BY | Southern Africa Tour | 2007 Nedbank Golf Challenge | Round Two | 01 Dec 2007

Trevor Immelman and Justin Rose, a pair of 27-year-olds who have been rivals since they were teenagers, hit the front at the halfway stage of the Nedbank Golf Challenge at Sun City on Friday.

Thirty-six holes into the tournament the pair were on 133 (11-under-par) and three clear of the next man, Ernie Els, in their quest for the $1,2-million bonanza that awaits the winner of an event that perhaps quite aptly is celebrating its 27th year of existence.

In what may end up being billed as golf’s answer to the Rugby World Cup Final, South Africa’s Immelman has thus far carded rounds of 67 and 66 and England’s Rose scores of 68 and 65 to build a handy advantage going into the final two rounds over the weekend.

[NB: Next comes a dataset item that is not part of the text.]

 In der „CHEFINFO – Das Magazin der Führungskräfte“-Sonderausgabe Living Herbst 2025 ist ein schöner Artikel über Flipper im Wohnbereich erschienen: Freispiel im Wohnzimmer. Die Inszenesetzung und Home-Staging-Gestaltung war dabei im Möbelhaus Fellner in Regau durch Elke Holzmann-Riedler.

On a course rendered distinctly more user-friendly after soaking rains, making the greens softer and more receptive to pin-seeking iron shots, Els added a 67 to his opening 69 to be on 136 (eight under) with Sweden’s Henrik Stenson (who matched Rose’s 65), Adam Scott and Luke Donald – dropping down the leaderboard a shot at a time – making up the chasers as the field heads into the home straight.

Australia’s Geoff Ogilvy at two-under 142 is the only other man under par with the by-now traditional top-half and bottom-half split leaving the like of Rory Sabbatini (level-par 144), Retief Goosen (one over), Stewart Cink (one over), Niclas Fasth (two over) and Charl Schwartzel (four over) with probably too much to do.

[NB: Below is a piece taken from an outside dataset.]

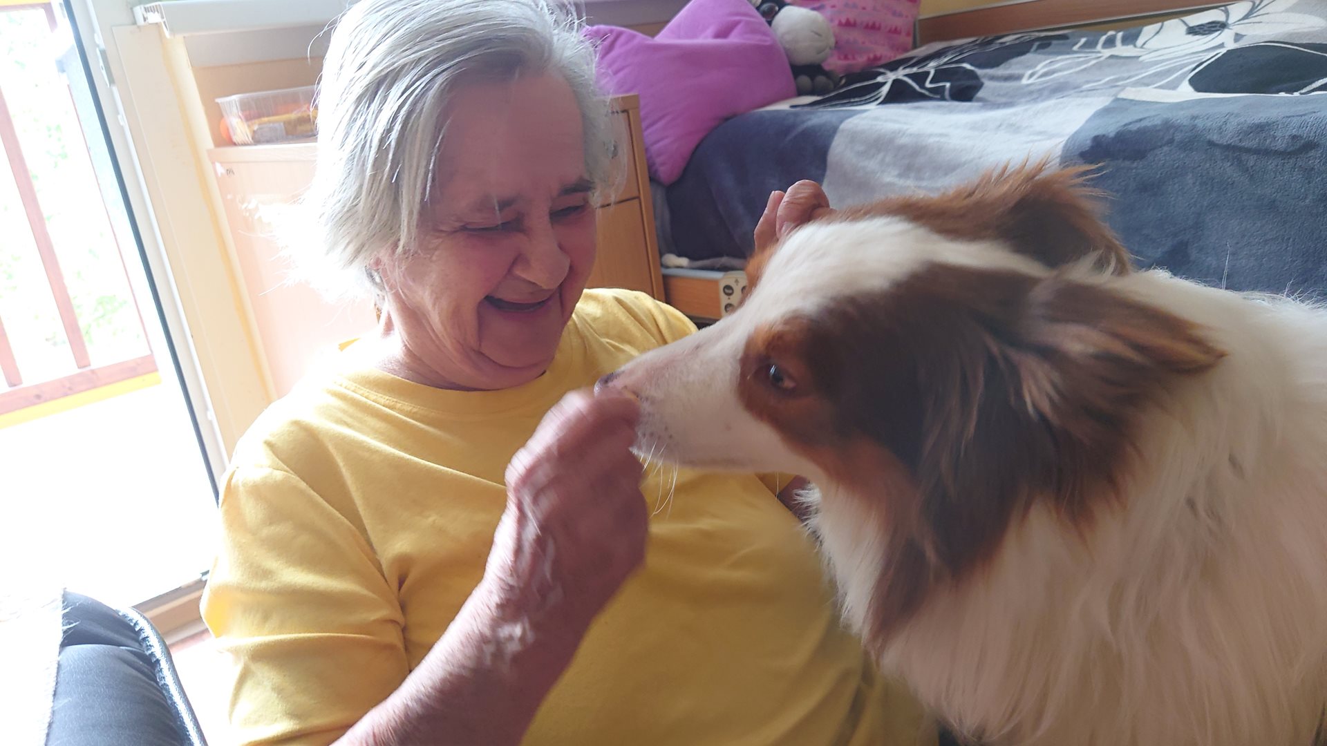 Paní Věra a Drahomíra si užívaly psí společnosti. Návštěva jim udělala velkou radost a vykouzlila krásné úsměvy na tvářích.

Immelman and Rose have been matching shots for a decade – ever since, as 17-year-olds, they won through the qualifying tournament to take part in the South African Open championship at Glendower in 1997 – the year in which Vijay Singh triumphed.

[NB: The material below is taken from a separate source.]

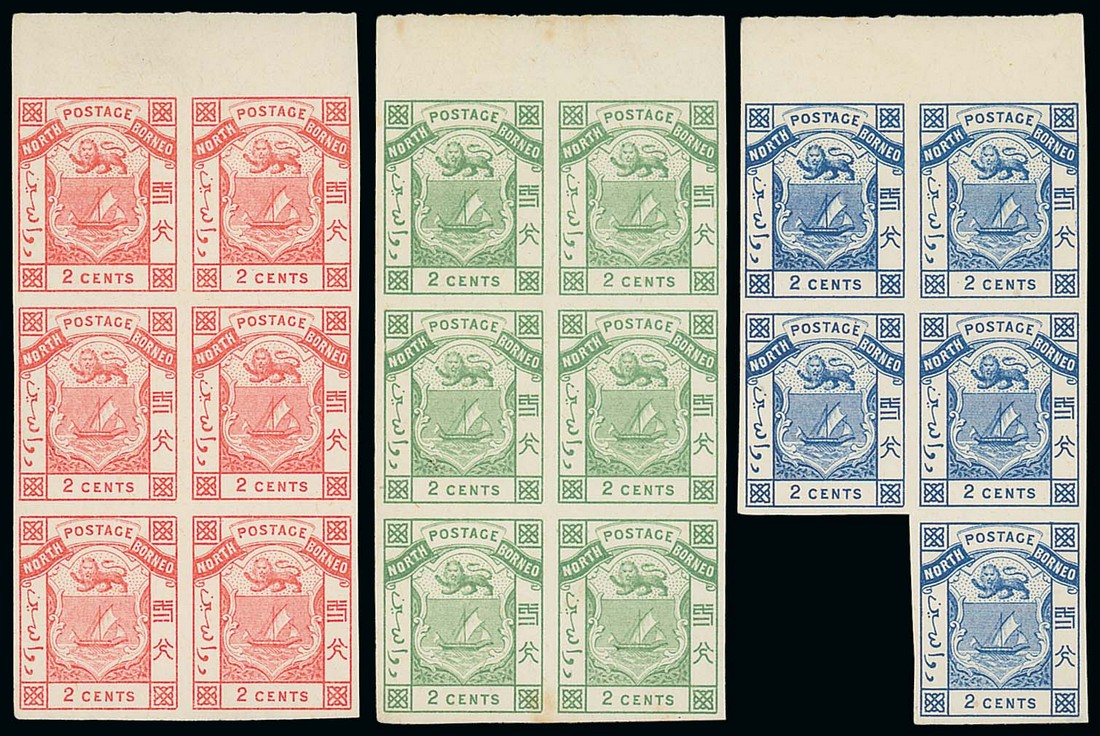 2c. pale red, 2c. green and 2c. blue, the first two in blocks of six (2x3) with margin at top, the last in block of five with margin at top, all R. 1-3/6-7, on unwatermarked thick wove paper, the 2c. green with small light tone spot at foot, otherwise fine. Rare. Photo

It was obvious then that the pair of youngsters had a big future in their chosen sport and 10 years on they have fulfilled that early promise. They are both multi-millionaires, they have shown that they can take on all-comers and win and they are ready to ascend to that elevated base camp when a good career becomes a great one.

And while the Nedbank Challenge may be a limited-field event the pressures, given the crowds, the difficulty of the golf course and the intense television scrutiny, are not dissimilar to a major and it would be a considerable achievement for either Immelman or Rose to face down the like of Els, Goosen and Ogilvy – the three players in the field who have won a major – or two, or three!

Both have played outstandingly to climb to the top of the leaderboard – matching birdie threes at the 18th on Friday evening neatly capping some excellent shot-making.

Immelman made just two mistakes – a tentative putt at the third and an off-line drive at the 15th – and it cost him two strokes to par but Rose has managed to play 36 holes over Gary Player’s layout without dropping a single shot.

The Englishman has driven the ball beautifully but the truth is he would not have been able to keep a bogey off his card but for an outstanding short game – especially the way he has knocked in those knee-knockers from a metre-and-a-half.

Immelman has “owned” the front nine – building his overall score by playing this stretch in six under 30 and four under 32 – while Rose on Friday had six threes in his card in compiling a backnine of five under 31 – giving an indication of the kind of round that might be possible if the course stays soft and friendly.

Els, breaking in a new set of irons, has not looked entirely settled but it is a measure of his quality as a player and his instinctive knowledge of the course that he has returned rounds of 69 and 67.

Els gave away a single shot – at his bogey hole the 17th – and birdied only one of the four par fives which shows what he is capable of given that Immelman and Rose each birdied three of them and Henrik Stenson birdied all four.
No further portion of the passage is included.